Aunque los médicos pueden intentar palpar los signos de agrandamiento del bazo durante los exámenes físicos, la práctica tiene solo un 27 a 58 por ciento de precisión para detectar un bazo verdaderamente agrandado. Por lo tanto, la incapacidad de sentir un bazo agrandado no debe usarse para descartar la probabilidad de mononucleosis infecciosa.

Complicaciones

Aunque la rotura esplénica espontánea es una complicación poco común y se estima que ocurre en un 0,1 a un 0,5 por ciento de los casos de mononucleosis, sigue siendo una preocupación grave. El bazo es vulnerable a roturas dentro de las primeras tres o cuatro semanas de síntomas, independientemente del tamaño del bazo. Por lo tanto, los atletas deben reanudar solo actividades ligeras sin contacto después de tres semanas de síntomas y retrasar los deportes de contacto hasta siete semanas o más, según el tipo de deporte.
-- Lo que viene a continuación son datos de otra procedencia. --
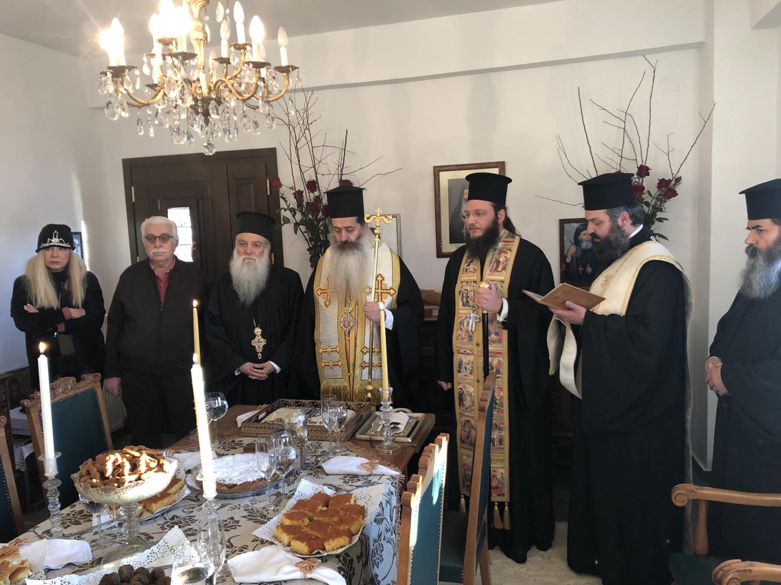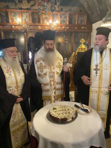 Ο κ. Συμεών αφού προσκύνησε στον Ιερό Ναό του Αγίου Αθανασίου, ακολούθως ευλόγησε την Βασιλόπιτα της Μονής και ευχήθηκε πατρικώς καλή και ευλογημένη η νέα χρονιά, υγεία και δύναμη στον π. Παρθένιο, καθώς και στον δόκιμο μοναχό Ιωάννη, ενώ για ακόμη μία φορά κατέθεσε την ευγνωμοσύνη του στον κ. Γιαννόπουλο, εξαίροντας το έργο και την σπουδαία προσφορά του στην τοπική Εκκλησία και την κοινωνία ολοκλήρου της Φθιώτιδος, με την ανέγερση αυτής της Μονής, αλλά και με την ουσιαστική συμπαράστασή του προς τη νέα Αδελφότητα, η τοποθέτηση της οποίας εκπληρώνει το όραμα του κ. Υπουργού.

Las actividades asociadas con el esfuerzo abdominal, como remar o levantar pesas, deberían merecer consideraciones adicionales, según el artículo.
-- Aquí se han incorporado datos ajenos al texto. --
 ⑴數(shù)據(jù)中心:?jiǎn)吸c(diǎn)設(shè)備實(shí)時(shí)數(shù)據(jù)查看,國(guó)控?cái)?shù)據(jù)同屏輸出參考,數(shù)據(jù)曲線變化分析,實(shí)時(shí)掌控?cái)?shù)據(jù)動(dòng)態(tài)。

Algunos estudios sugirieron que la mononucleosis infecciosa aguda y el virus de Epstein-Barr pueden alterar o deteriorar permanentemente la respuesta inmune. Un estudio danés de 2007 examinó la posible correlación entre la esclerosis múltiple y la mononucleosis infecciosa y descubrió que el riesgo de esclerosis múltiple se duplicó entre quienes habían sido infectados con mononucleosis. Sin embargo, el estudio también señala que más del 90 por ciento de los adultos sanos están infectados con el virus de Epstein-Barr, un número muy por debajo del número de personas con esclerosis múltiple, y por lo tanto, la infección por sí sola claramente no es suficiente para causar esclerosis múltiple. Se necesitarán más estudios para desenredar esta correlación.

Tratamientos

La mayoría de los tratamientos para la mononucleosis infecciosa tienen como objetivo reducir los síntomas. El dolor de garganta se puede aliviar con gárgaras de agua salada, pastillas para la garganta y aerosoles anestésicos. Los pacientes que quieran tomar analgésicos, sin embargo, deben evitar el acetaminofén para evitar estresar el hígado. Los corticosteroides pueden ser útiles para tratar complicaciones como hinchazón severa de la garganta y las amígdalas.

Aunque la mononucleosis infecciosa es causada por un virus, los medicamentos antivirales como el aciclovir, no han demostrado ser particularmente efectivos. Un metanálisis de cinco ensayos controlados aleatorios en los que participaron 339 pacientes no logró ver beneficios significativos del fármaco en comparación con el placebo. Se pueden usar antibióticos si el paciente también tiene faringitis estreptocócica, aunque la ampicilina o la amoxicilina podrían provocar erupciones cutáneas.